**Task goal**:
Transcribe the line holding "The timing of" together with every line after it, through the end of the records, exactly and with no pictures.

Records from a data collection
########

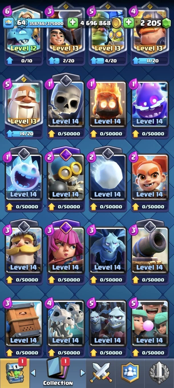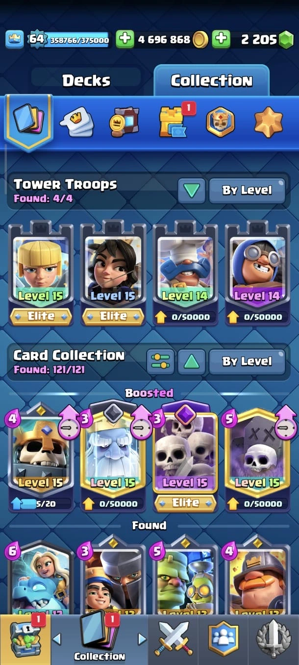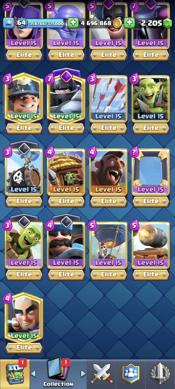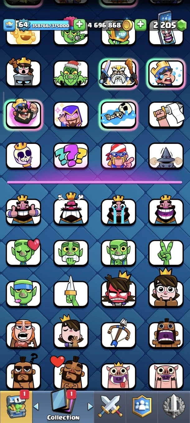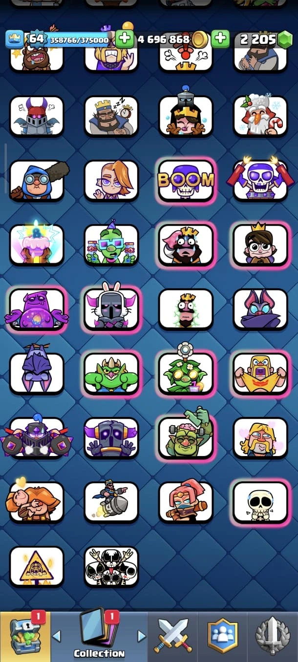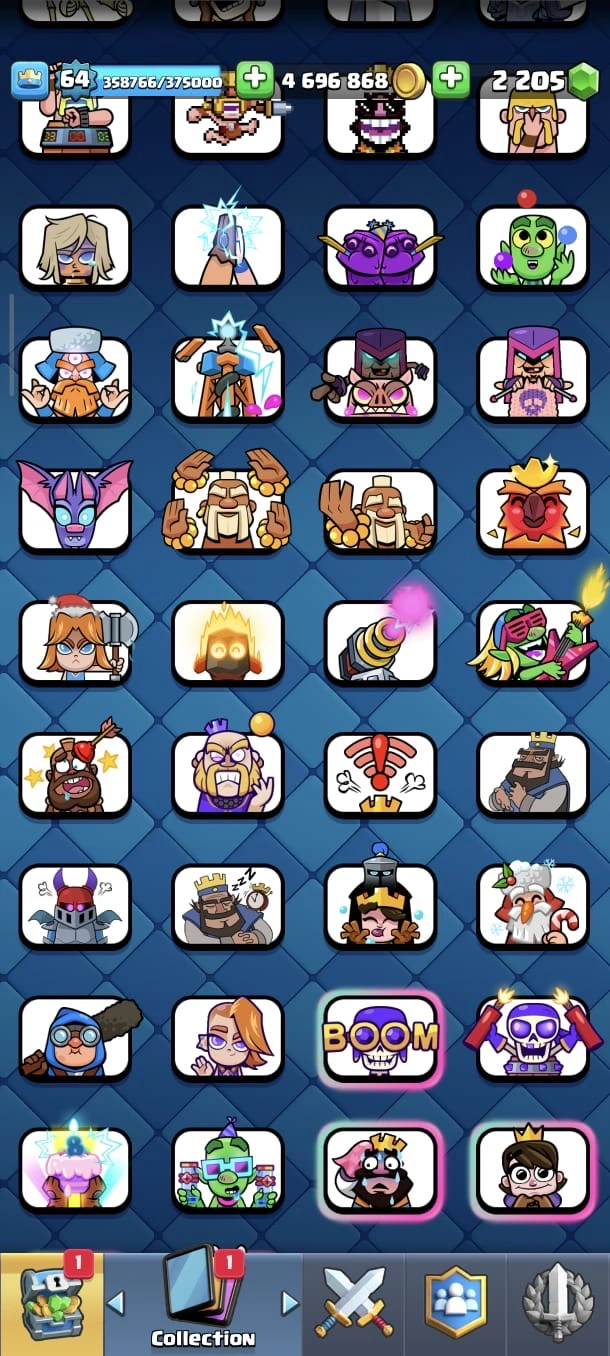 CR LV 64 🔥 Elite 48 🔥 Max Cards 115 ( Allmost max) 🔥 Evo 17 🔥 Emote 194 🔥 Trophy 12150 🔥 Change name free🔥
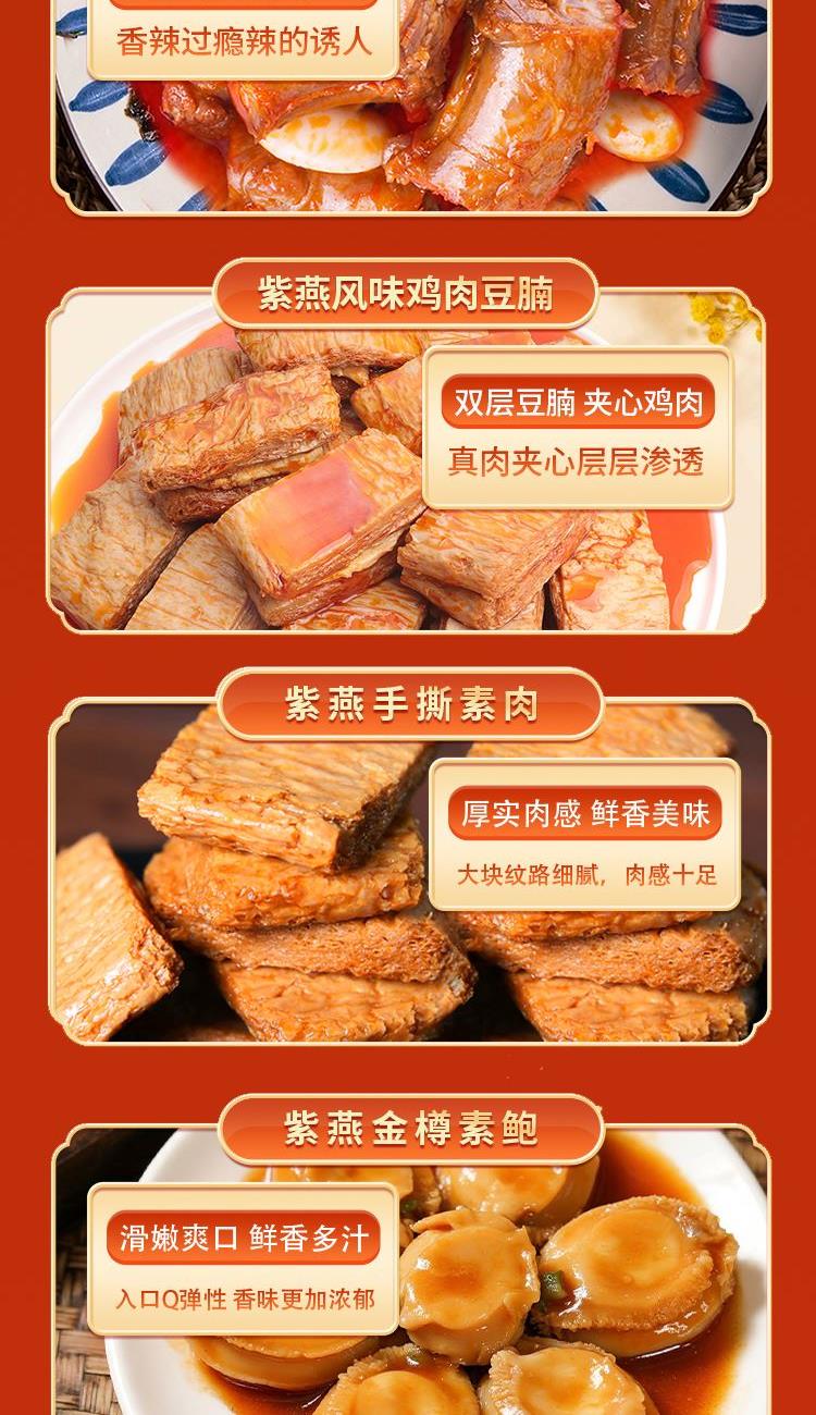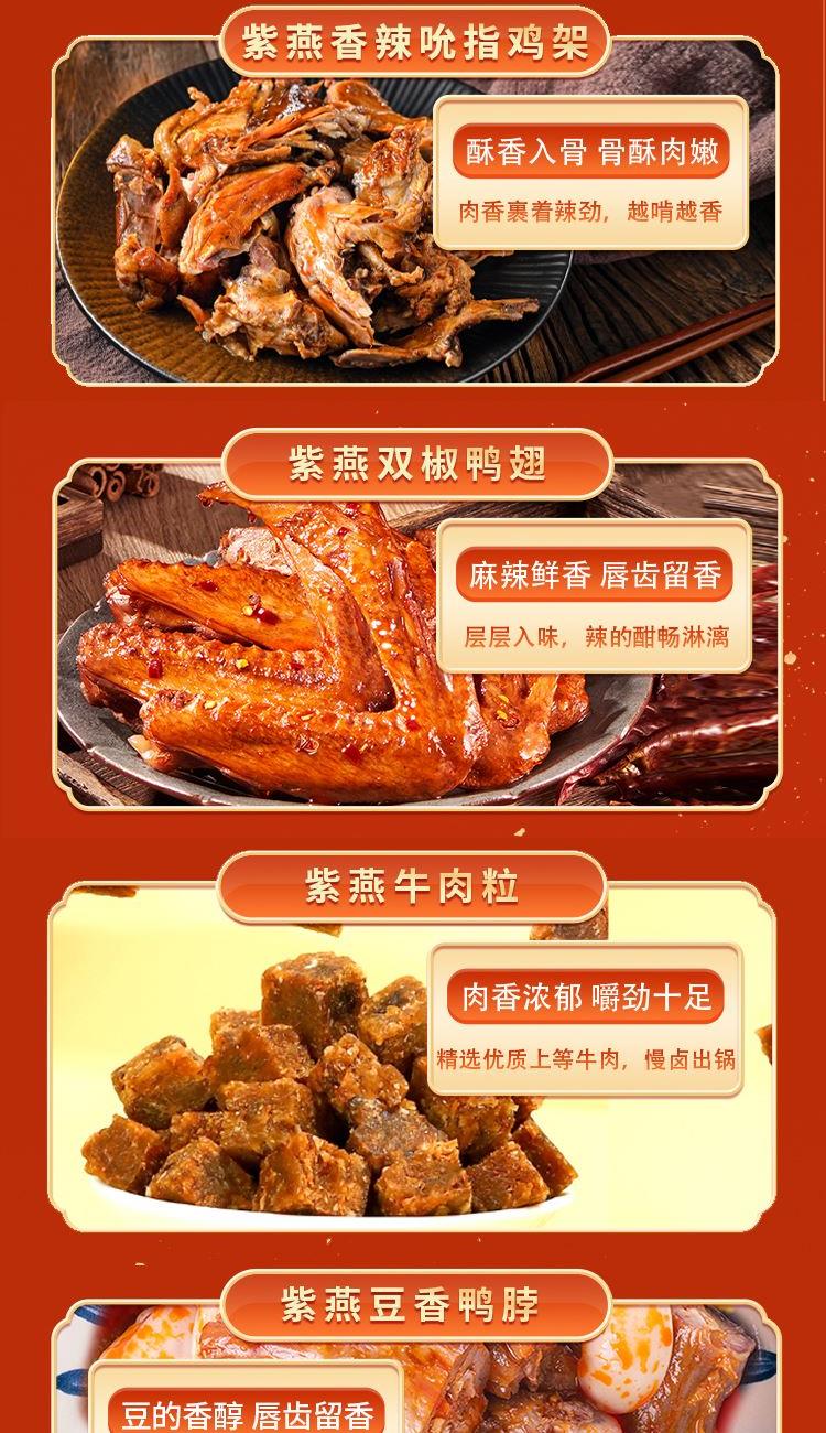 內(nèi)容物配置: 紫燕百味雞260g*1 紫燕香酥鴨400g*1 紫燕香辣吮指雞架300g*1 紫燕雙椒鴨翅82g*1 紫燕牛肉粒(五香味)60g*1 紫燕豆香鴨脖(香辣味)60g*1 紫燕風味雞肉豆腩(雞肉豆腩香辣味)60g*1 紫燕手撕素肉60g*1 紫燕金樽素鮑(紅油素鮑魚)60g*1 紫燕紅油竹耳絲60g*1 紫燕蜂蜜花生(椒鹽味)120g*1 至味佳年禮盒+組裝+外盒
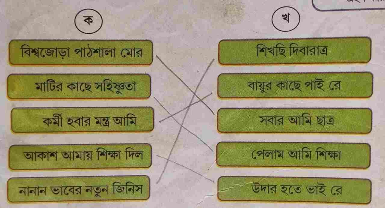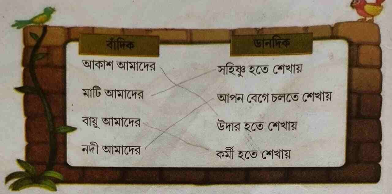 ডানদিকের শিব্দগুলির মিল ঘটিয়ে একটি সম্পূর্ণ বাক্য গঠন করি
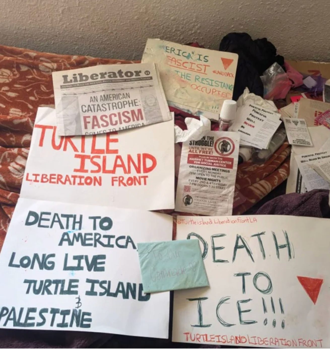 The timing of the arrests and massive media attention accusing the newly formed Turtle Island Liberation Front was a leftist pro Palestinian anti ICE and anti-capitalist “terrorist” group supports the Trump agenda of fear as outlined in September 25, 2025 National Security Presidential Memorandum (NSPM-7) called “Countering Domestic Terrorism and Organized Political Violence”.
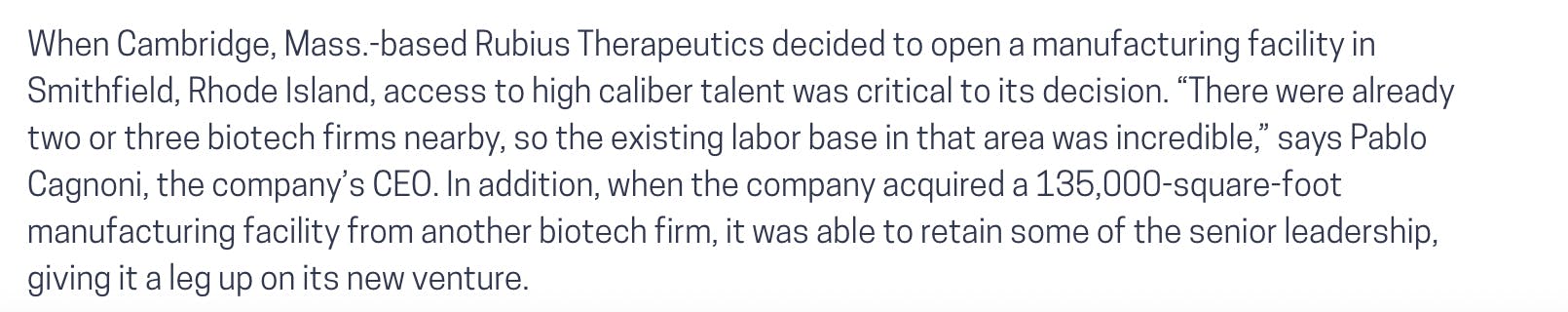 “When Cambridge, Mass.-based Rubius Therapeutics decided to open a manufacturing facility in Smithfield, Rhode Island, access to high caliber talent was critical to its decision. ‘There were already two or three biotech firms nearby, so the existing labor base in that area was incredible,’ says Pablo Cagnoni, the company’s CEO. In addition, when the company acquired a 135,000-square-foot manufacturing facility from another biotech firm, it was able to retain some of the senior leadership, giving it a leg up on its new venture,” states the Commerce Corp website.

########

**Reply**:
 The timing of the arrests and massive media attention accusing the newly formed Turtle Island Liberation Front was a leftist pro Palestinian anti ICE and anti-capitalist “terrorist” group supports the Trump agenda of fear as outlined in September 25, 2025 National Security Presidential Memorandum (NSPM-7) called “Countering Domestic Terrorism and Organized Political Violence”.
 “When Cambridge, Mass.-based Rubius Therapeutics decided to open a manufacturing facility in Smithfield, Rhode Island, access to high caliber talent was critical to its decision. ‘There were already two or three biotech firms nearby, so the existing labor base in that area was incredible,’ says Pablo Cagnoni, the company’s CEO. In addition, when the company acquired a 135,000-square-foot manufacturing facility from another biotech firm, it was able to retain some of the senior leadership, giving it a leg up on its new venture,” states the Commerce Corp website.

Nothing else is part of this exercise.